Nanomedicine, Volume I: Basic Capabilities

© 1999 Robert A. Freitas Jr. All Rights Reserved.

Robert A. Freitas Jr., Nanomedicine, Volume I: Basic Capabilities, Landes Bioscience, Georgetown, TX, 1999


 

1.2.4.2 Customized Diagnosis and Therapeutics

In science the objective is to understand the individual occurrence by means of a general law; in medical practice, knowledge of what is generally the case does not tell the physician how to treat a particular patient. Thus the problem of how to proceed from the prototypic case to the individual instance remains to be solved in a systematic manner by the practitioner.2230

The practitioner of "bedside medicine" in the 17th and 18th centuries had few curative and almost no customized tools at his disposal -- perhaps a few dozen basic surgical techniques, performed septically, hazardously, and without anesthesia, and a drug/herbal formulary consisting of a few hundred substances. For instance, the Edinburgh Pharmacopoeia of 1803 listed only 222 simples while the London Pharmacopoeia of 1809 listed fewer than 200 items, most of which had variable, uncertain, minimal, or nonspecific potency. A few more options became available to the 19th century medical practitioner, including complex surgical techniques for specific conditions that could be performed aseptically with anesthesia and a good chance for success, a somewhat broader and more efficacious pharmacopeia, vaccines targeted to several diseases, and an improving diagnostic ability. By the 20th century, the physician could prescribe from among tens of thousands of specific drugs to target specific bacterial, viral, fungal, or parasitic infections; select from among a very precise array of anesthetic agents, chosen to avoid allergic responses in particular patients; perform a wide variety of noninvasive tests and scans for diagnostic purposes to identify very specific conditions; and perform minimally invasive surgeries directed at many arbitrary tissue masses as small as 1 mm3 in volume. The first glimmerings of personalized genetic therapies also began to appear.

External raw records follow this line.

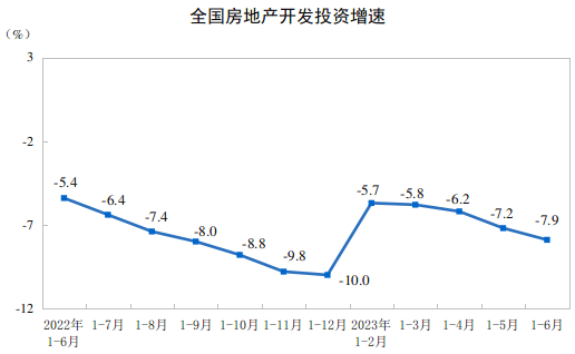 具體來看,房地產開發投資增速降幅繼續擴大。上半年全國房地產開發投資58550億元,同比下降7.9%;其中,住宅投資44439億元,下降7.3%。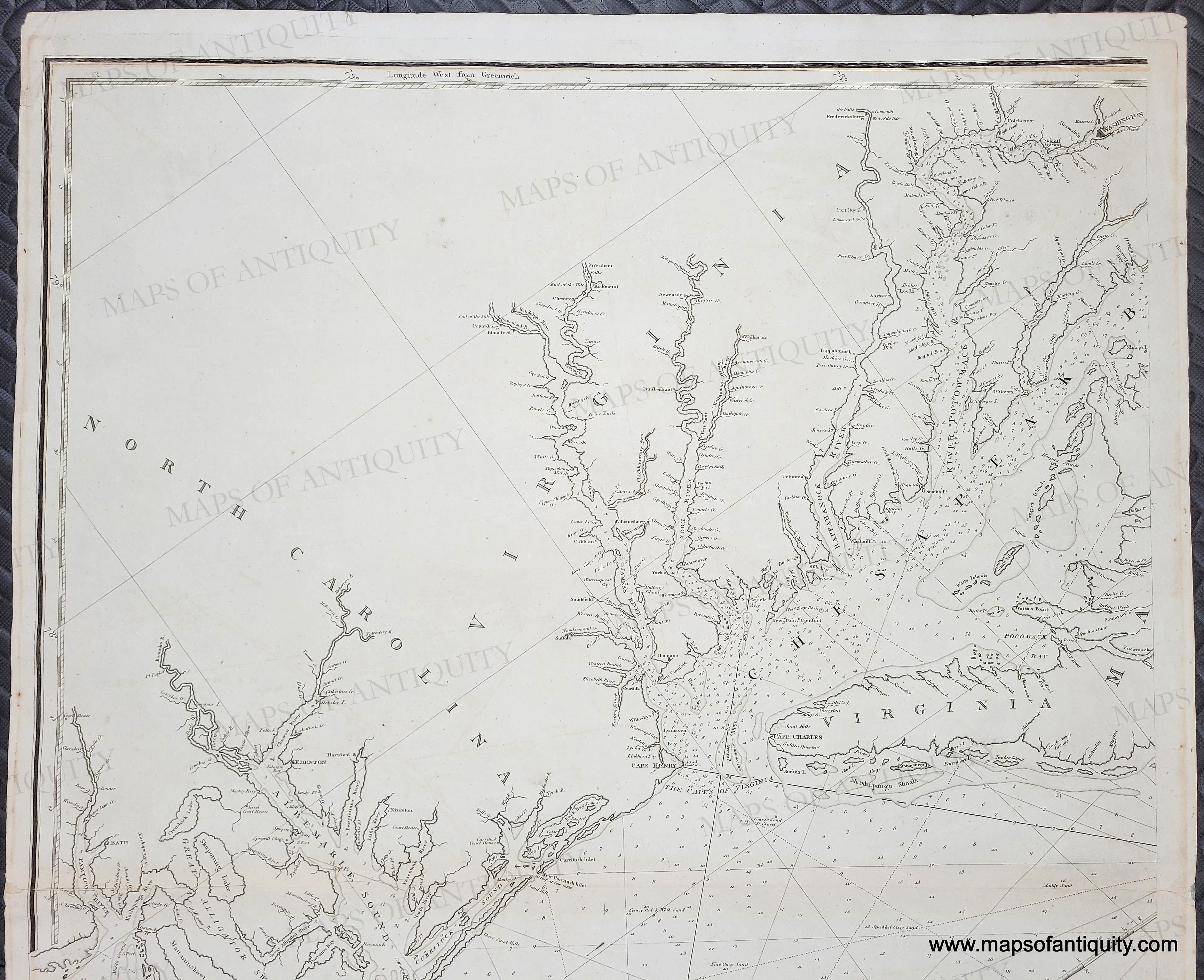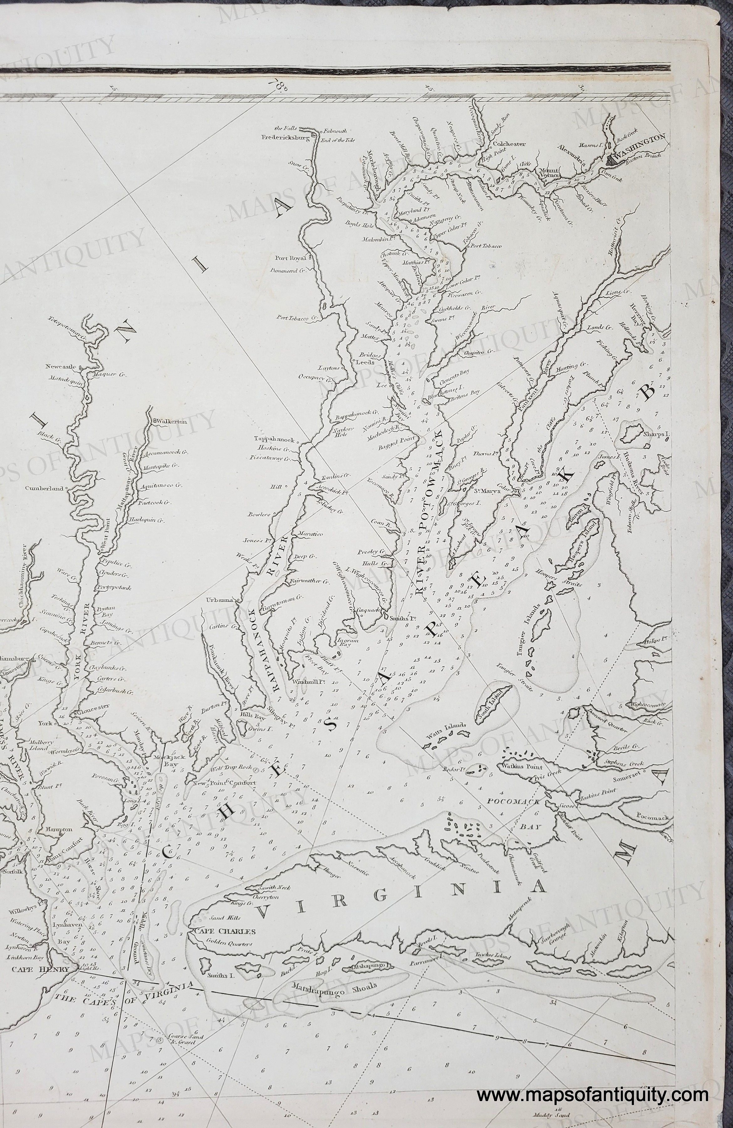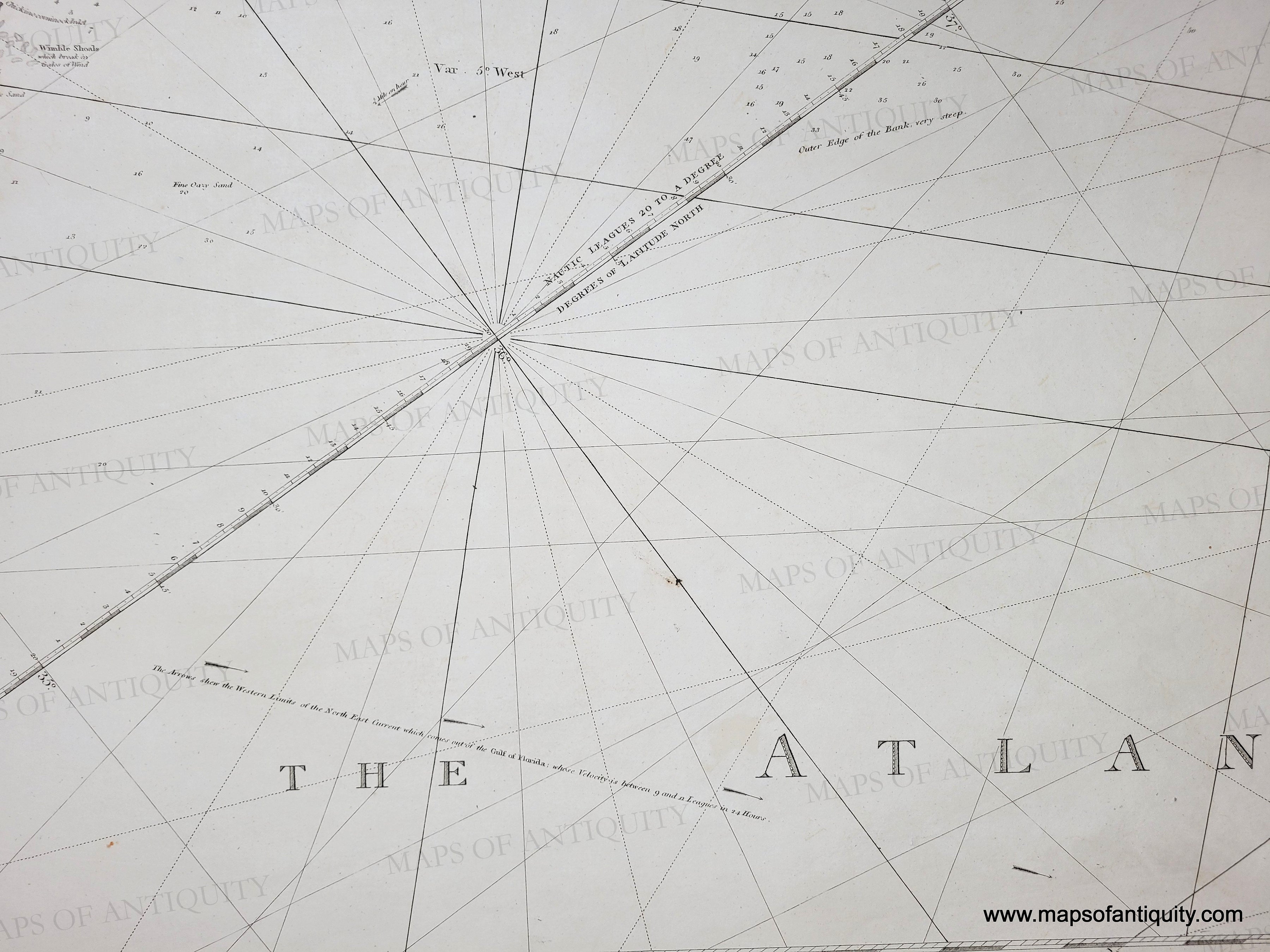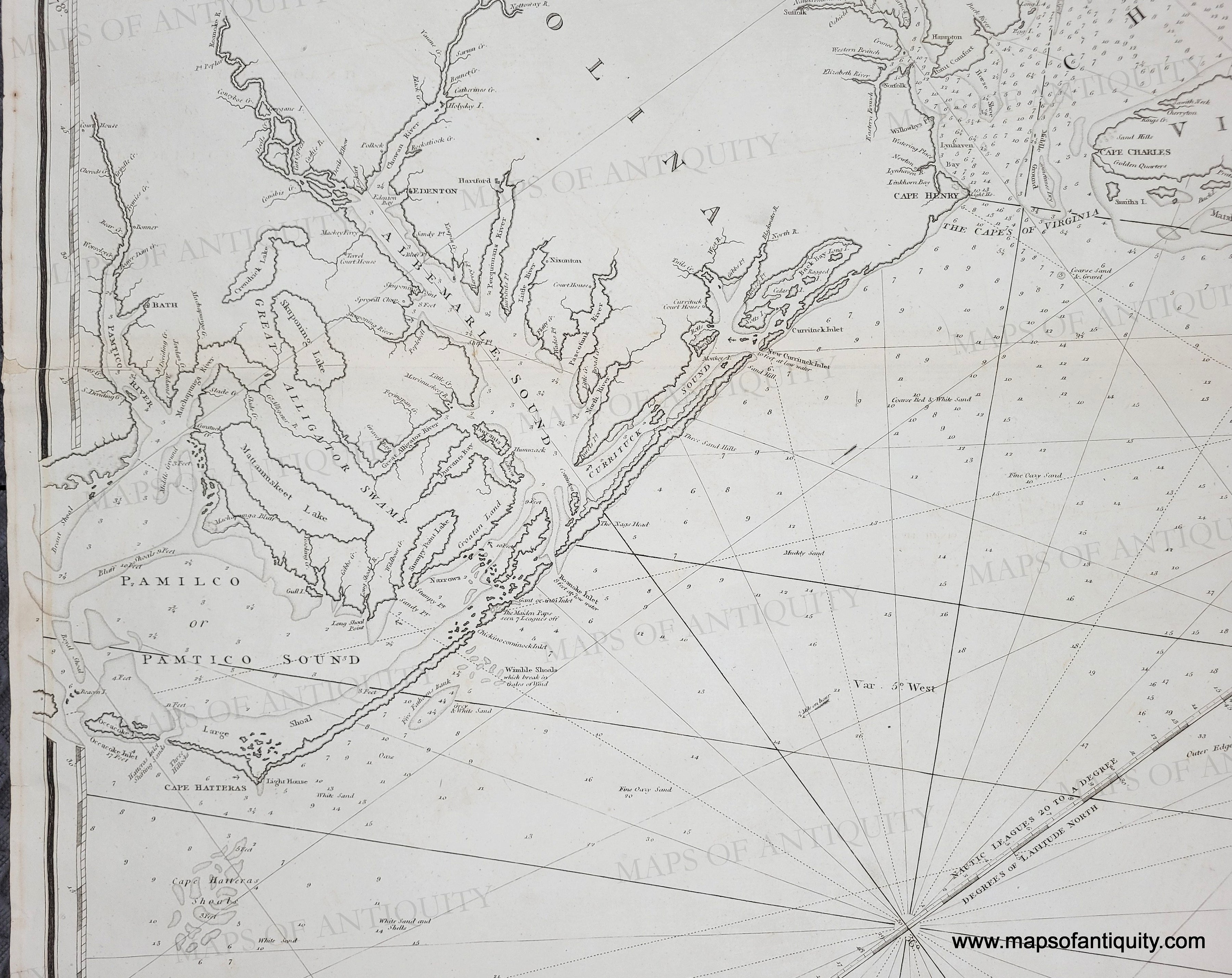 Rare set of three antique nautical charts of the East Coast of the United States from Boston to Cape Hatteras North Carolina, published in 1813 by Steel & Co. (Penelope Steel). Shows soundings, shoals, harbors, rhumb lines, etc. These charts were "Approved and Selected by the Chart Committee of the Admiralty for the use of the Officers in the Royal Navy." Includes Boston Harbor, Cape Cod, Martha's Vineyard, Nantucket in Massachusetts; Narragansett in Rhode Island; Long Island Sound between Connecticut and Long Island, New York City and harbor with Manhattan Island; Barnegat Bay on the New Jersey coast; Delaware Bay and River to Philadelphia; Chesapeake Bay between Virginia and Maryland and the many rivers leading to Baltimore, Washington DC, Fredericksburg, etc.; Albemarle Sound, Pamlico Sound, and part of the Outer Banks of North Carolina. The Steel company was started by David Steel senior. The company was taken on by David Steel junior when his father died in 1799. When David Steel Junior died in 1803 at the age of 39, his wife Penelope continued the business. She remarried in 1806, with her new husband George Mason also becoming her business partner. In 1814 she partnered with Stanley Goddard and by 1819 the company was bankrupt and all of their materials were sold to J.W. Norie & Company. Steel charts are extremely rare, with very few examples appearing on the market. These charts are in very good condition. A previous owner did some light restoration including closing tears and reinforcing the center folds. The charts exhibit some signs of age with minor wear and paper loss at edges in the margins, some mild stains, slight toning along the center fold. These charts could be joined to create one long chart or framed separately. Each chart measures approx. 36.5 x 24.5 inches to the border lines (neatline). The border is not continuous on each chart, rather it is done so that it would be continuous if the charts were joined.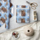 Una foto de un caballo de la castaña que se coloca en la nieve que mira a través de una frontera de copos de nieve azules.

With the arrival of nanomedicine in the 21st century, the treatment paradigm will complete its transition from coarse-grained, one-size-fits-all, slow-acting methods to molecularly-precise, completely customized, speedy and highly-efficacious procedures and instrumentalities. The irregular shotgun pattern of 18th century palliatives will evolve during the early 21st century into a penetrating and perfectly tailored hail of "magic bullets" each targeting an individual cell or group of cells unique to the individual patient. The 19th century herbalist John Ayrton Paris could have been describing the nanomedical future in his popular textbook Pharmacologia, 1840 edition, when he wrote:

"If [a physician] prescribes upon truly scientific principles, he will rarely in the course of his practice compose two formulae that shall, in every respect, be perfectly similar, for the plain reason that he will never meet with two cases exactly alike. Now let me ask what constitutes the essential difference between the true physician and his counterfeit between the philosopher and the empiric? Simply this that the latter exhibits the same medicine in every disease, however widely each may differ from the other in its symptoms and character; while the former examines, in the spirit of philosophic analysis, all the existing peculiarities of his patient, and of his discord...and then adapts with a sound discretion and with a correct judgement of his medicinal agents, such means as may best be calculated to control and correct the patient's morbid condition."